The Misfit isn't a stereotypical escaped serial killer. He's middle-aged, and his hair is graying; he's soft-spoken, polite, and philosophical. There is no mistaking, though, that he IS a killer -- as he and the grandmother debate goodness and culpability, his thugs lead off the rest of the family to be killed. When the grandmother finally breaks through his emotional shield, and her own pettiness, he pulls away and murders her. This combination of diverse ideas within the character of the Misfit causes him to be rounded, unlike any other in the story.

O'Connor intends A Good Man Is Hard to Find to be the study of a deeply conflicted character. The Misfit wants on one level to be good, or to be known as good, but he can't rationalize away or separate himself from his actions. At the same time as he's executing a family, he's trying to explain why he's only doing what is necessary. He also seems to feel some type of connection with the grandmother, as if they're both basically of the same substance, however dissimilar their lives have been.
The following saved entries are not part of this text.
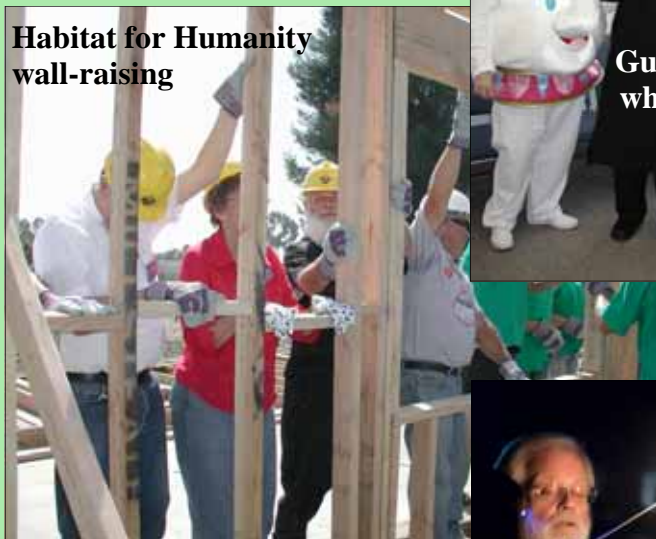
Habitat for Humanity wall-raising
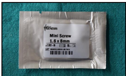
Figure 2: Packaging of JJ orthodontic implant
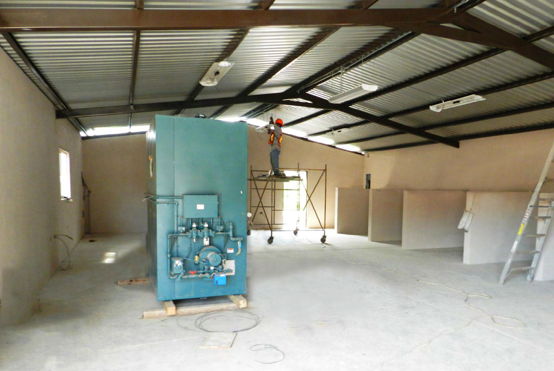
Assay lab expansion.
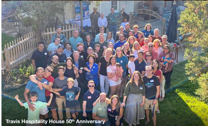
Travis Hospitality House 50 th Anniversary
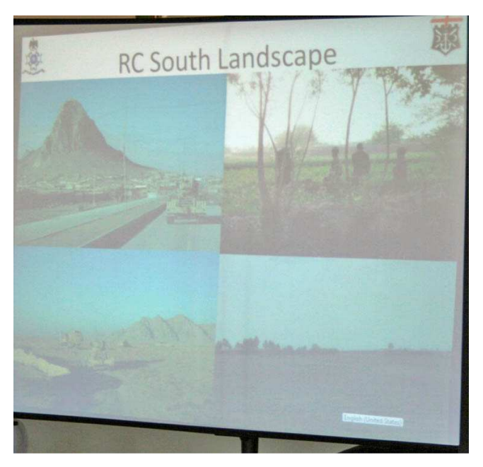
One of several charts used to describe the great diversity of landscape and environment faced by Army operations in Afghanistan
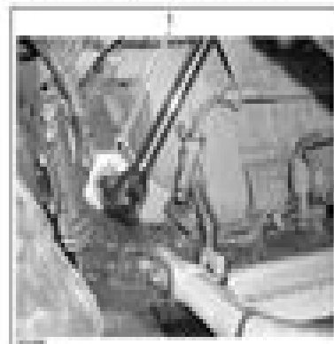
1 - Pivot pin

On RH side, remove the other pivot bolt.
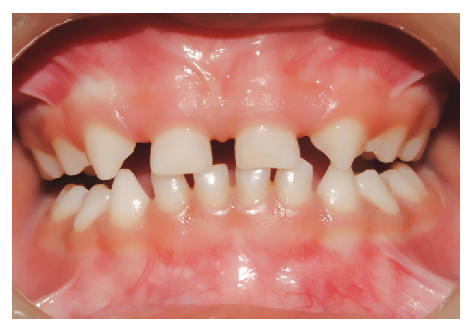
Fig. 1: Intraoral photograph showing missing maxillary primary right and left lateral incisors

A 3-year-old male patient reported with parents complaining of decayed teeth. The patient was healthy with no evidence of any syndromic features. On intraoral examination, we noticed missing of primary lower right central incisor (Fig. 4). Radiographic examination revealed the same finding, thereby confirming the congenital agenesis of primary tooth (Fig. 5).
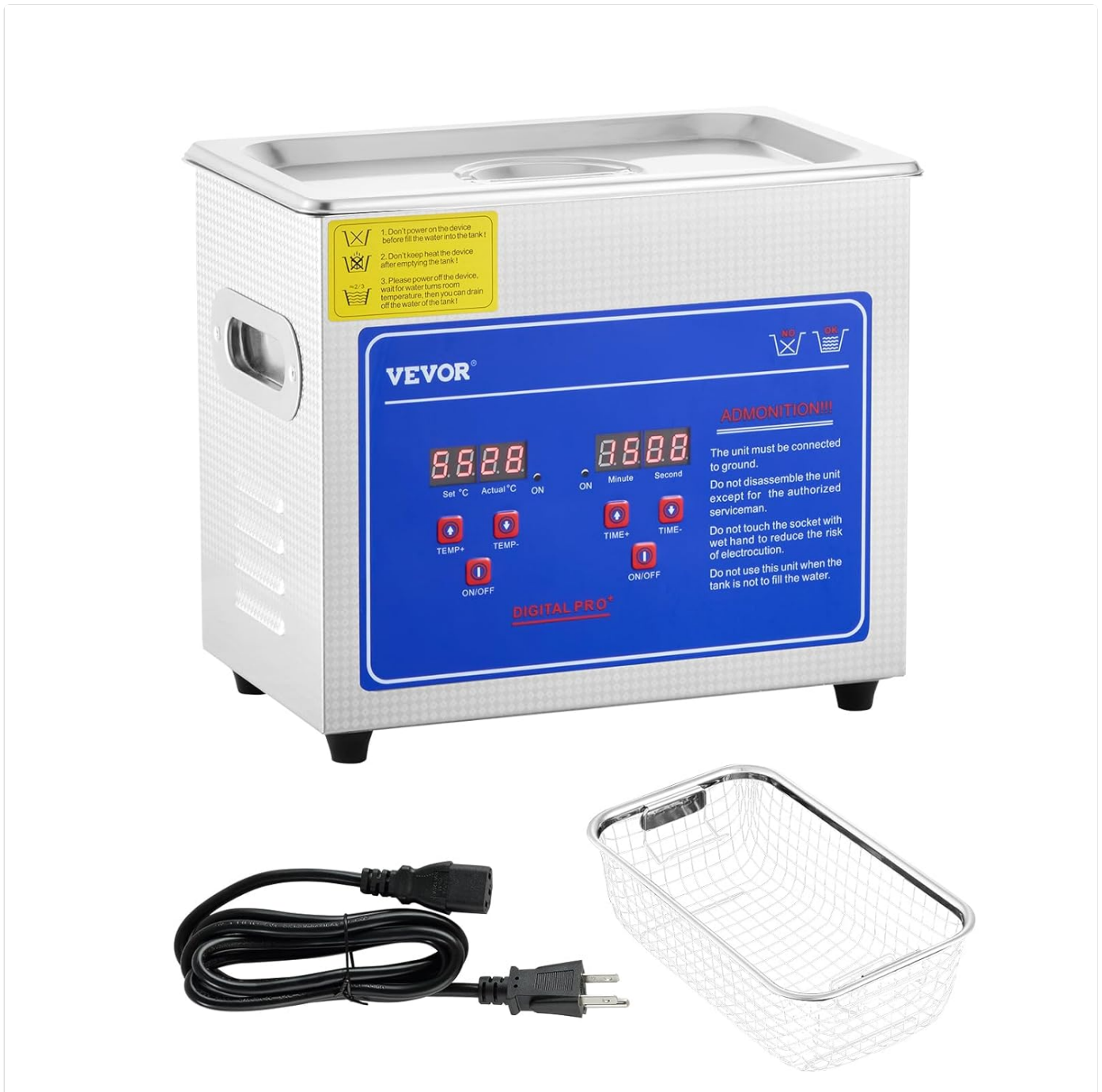
Image: The VEVOR 3L Ultrasonic Cleaner, showcasing its compact design and digital control panel.
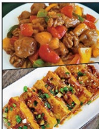
素食推廣 Vegetarian Recommendation Promotion
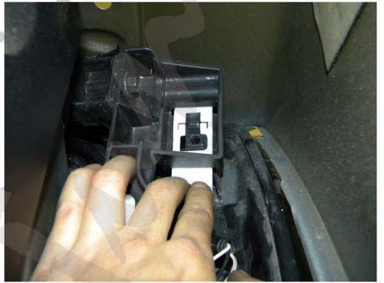
26. Lock the plastic headlight retainer

After reading through the short story a few times, I realized that the Misfit is meant to symbolize Satan. His characterization as a misfit, murderer, deceiver and escaped convict are just the most obvious similarities between the two beings. Both his revelations about himself and his obsession with Jesus Christ bear out this comparison,.

Just about everything the Misfit says takes on an eerie double meaning if a background in traditional ideas about the Devil is known: he talks about how he was a "different breed of dog" from his siblings. (O'Connor 336) While talking about his past, he says "'I was a gospel singer for a while . . . I been most everything. Been in the arm service . . . been an undertaker . . . been in a tornado, seen a man burnt alive oncet . . . I even seen a woman flogged.'" (O'Connor 336) He talks about how he was put into solitary confinement for something to which he won't admit. When pressured by the grandmother to pray, he says, "I don't want no hep . . . I'm doing all right by myself."

After realizing that the Misfit is symbolic of Satan, his speeches about Jesus take on greater significance. The Misfit attempts to set himself as equivalent to Jesus, but his comparison fails, both within the context of the story and without: "It was the same with [Jesus] as with me except He hadn't committed any crime and they could prove I had committed one because they had the papers on me." (O'Connor 338) He also says multiple times that "Jesus thown everything off balance." (O'Connor 338) His oversimplification of possible reactions to Christ reminds me somewhat of the serpent's deceit in the garden of Eden: "If He did what He said, then it's nothing for you to do but thow away everything and follow Him, and if He didn't, then it's nothing for you to do but enjoy the few minutes you've got left the best way you can -- by killing somebody or burning down his house or doing some other meanness to him." (O'Connor 338)

This connection between the Misfit and the grandmother also takes on new meaning, if we extend the symbolism somewhat and apply the role of all humanity to the dysfunctional family. We are meant to see that no matter how we hold ourselves -- no matter how we lie or rationalize or ignore our true actions -- in some basic quality there is no difference between Satan and ourselves other than degree of actions. The grandmother may be no murderer or convict, but her pettiness and manipulation prove she is, inherently, the Misfit. And, O'Connor says, the same goes for all of us.


Bibliography

Meyer, Michael, ed. The Compact Bedford Introduction to Literature. 5th ed. Boston: Bedford/St. Martin's, 2000.

O'Connor, Flannery. "A Good Man Is Hard To Find." Meyer 328-339.

O'Connor, Flannery. "O'Connor on the Use of Exaggeration and Distortion (From 'Writing Short Stories')". Meyer 356.